A prototype for this new media game is the deal devised by Edgar M. Bronfman Jr., the oft-derided liquor scion who lost part of his family fortune on Seagram's (V ) media plays in Hollywood and the music industry. In late 2003, Bronfman lined up investors Providence Equity, Thomas H. Lee Partners, and Bain Capital to back his $2.6 billion purchase of Warner Music Group (TWX ). Bronfman slashed overhead by laying off 1,600 workers and cut nearly one-third of Warner's acts to help generate net earnings of $36 million in the fourth quarter, vs. a $1.1 billion loss the previous year. More important for Bronfman and the other investors, they paid themselves $350 million in cash from operations in October, and in December used $700 million in new debt to essentially recoup nearly all of the $1 billion they put up less than a year before. And they'll have the potential to pull down a bundle if the initial public offering, announced on Mar. 11, is greeted warmly on the Street. Bronfman was not available for comment.
AWASH IN CASH
Possible new targets include Universal Music Group, the music unit of Paris-based Vivendi Universal (V ), which last year sold its Universal studio, cable channels, and theme parks to General Electric Co.'s (GE ) NBC unit. And as part of efforts to trim down, Viacom has said it will sell some radio stations, its five theme parks, the Famous Players theater chain in Canada, and possibly publisher Simon & Schuster.
With so much money in the market, deals are bound to get more expensive. A dozen bidders are interested in Paramount's theme parks, including former AOL Time Warner and Six Flags Theme Parks executive Pittman and Thomas McGrath, an erstwhile Paramount COO. Prices are already rising in some sectors. Theme parks and theater chains trading as high as seven times cash flow a year ago are now getting nine to 10 times, figures McGrath. Undeterred, McGrath has allied with Goldman Sachs & Co. (GS ) and Spectrum Equity Partners to bid nearly $1 billion for the theme parks.

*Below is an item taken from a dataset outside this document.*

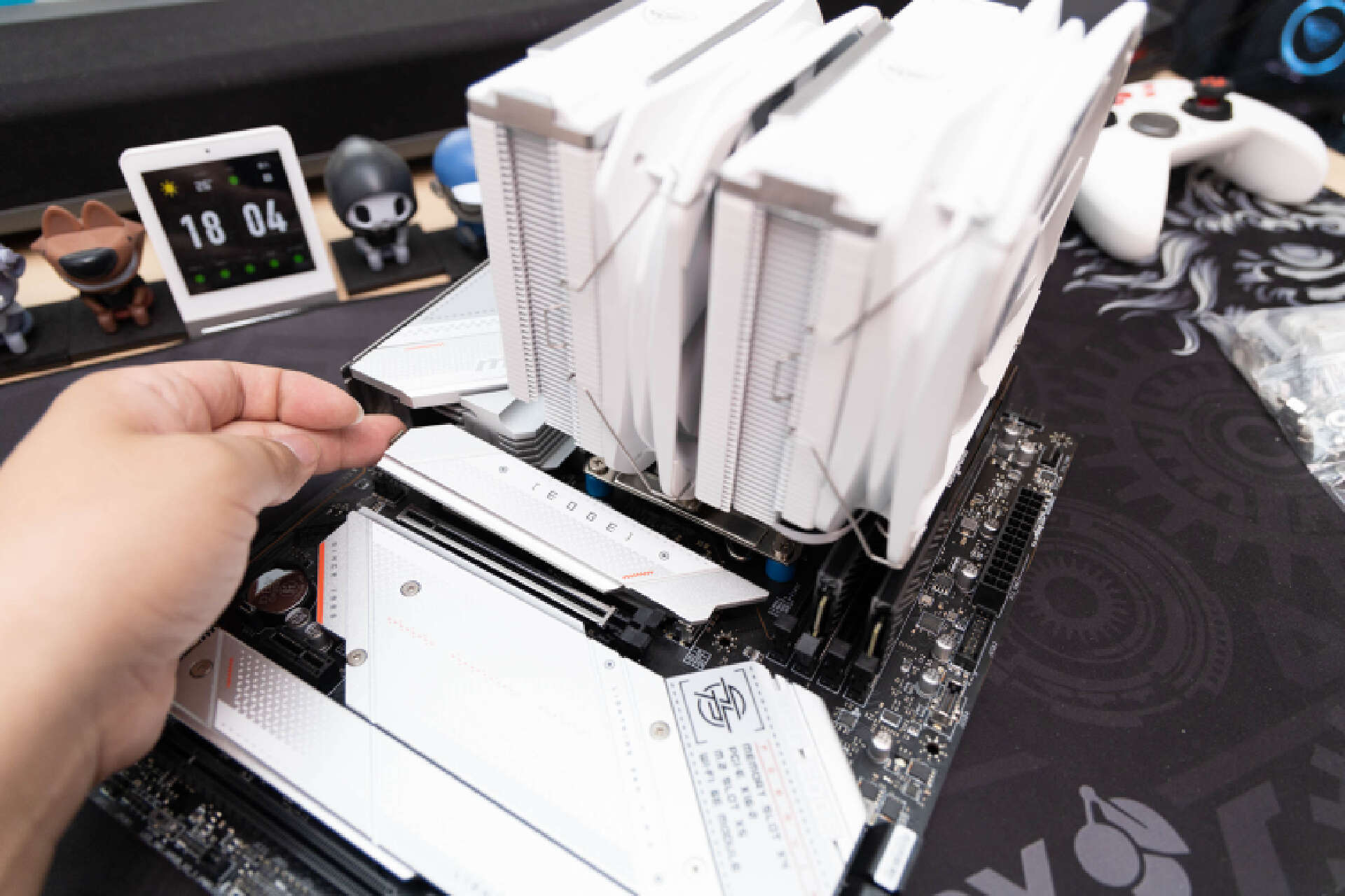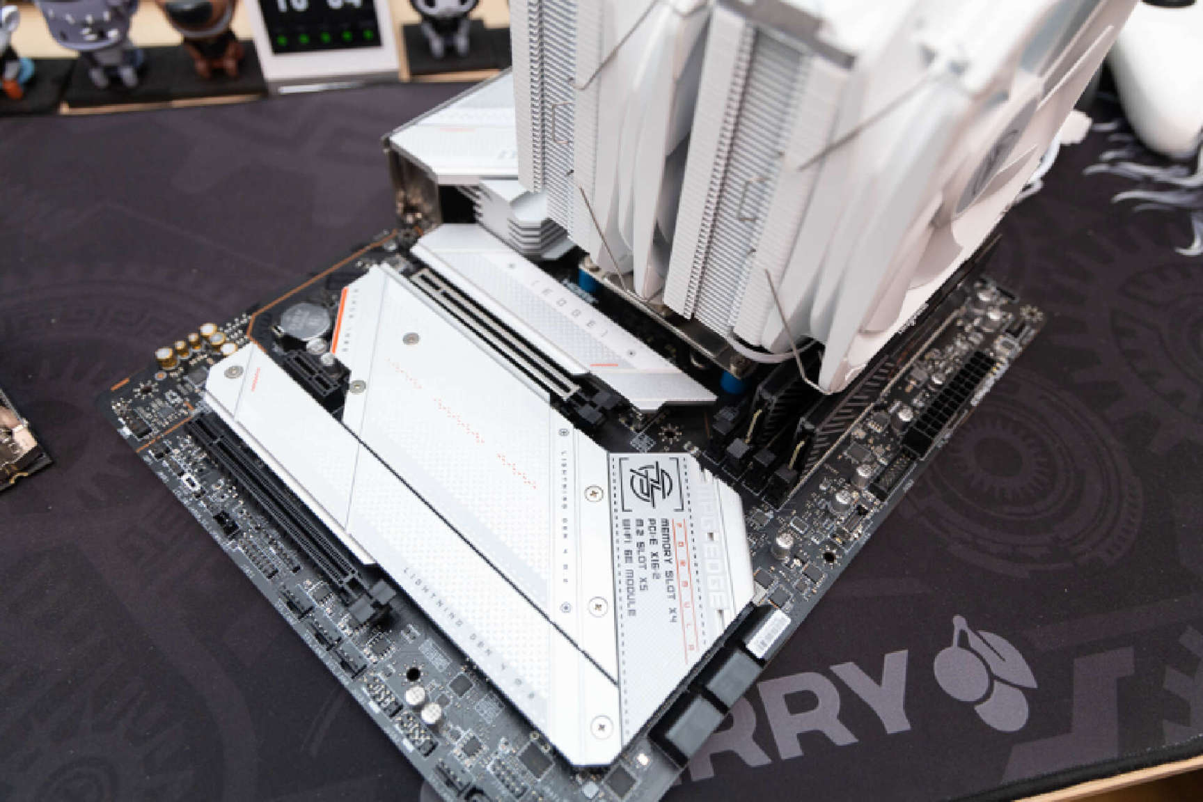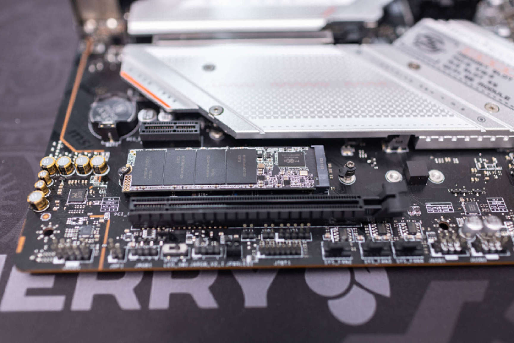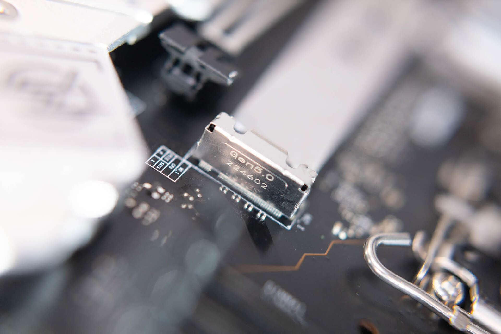 这块Z790 EDGE主板的装甲覆盖相当饱满,不仅在南桥位置可以看到全新设计的MPG标识和主板型号标识。还还配置了PCIe4.0*4和PCIe3.0,兼容性和扩展能力也非常强悍。可以看到这里主M.2硬盘插槽位置的散热装甲配置了免工具拆装设计,按压卡扣就能轻松取下,安装硬盘更加便利。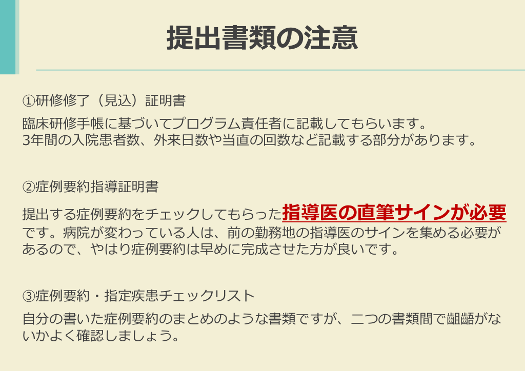 #8. 提出書類の注意 ①研修修了(見込)証明書 臨床研修手帳に基づいてプログラム責任者に記載してもらいます。 3年間の入院患者数、外来日数や当直の回数など記載する部分があります。 ②症例要約指導証明書 提出する症例要約をチェックしてもらった指導医の直筆サインが必要 です。病院が変わっている人は、前の勤務地の指導医のサインを集める必要が あるので、やはり症例要約は早めに完成させた方が良いです。 ③症例要約・指定疾患チェックリスト 自分の書いた症例要約のまとめのような書類ですが、二つの書類間で齟齬がな いかよく確認しましょう。

But are execs from the old media empires nimble enough for today's ever-changing world? "The big challenge for executives used to protecting the crown jewels is whether they can take on a disposition as investors," says Dennis A. Miller, a partner with Bear Stearns Asset Management Inc.'s (BSC ) Constellation Ventures, which invests in media startups. "If you don't think entrepreneurially, you won't succeed." And what will be the measure of that success? To sell back to a larger media player, of course.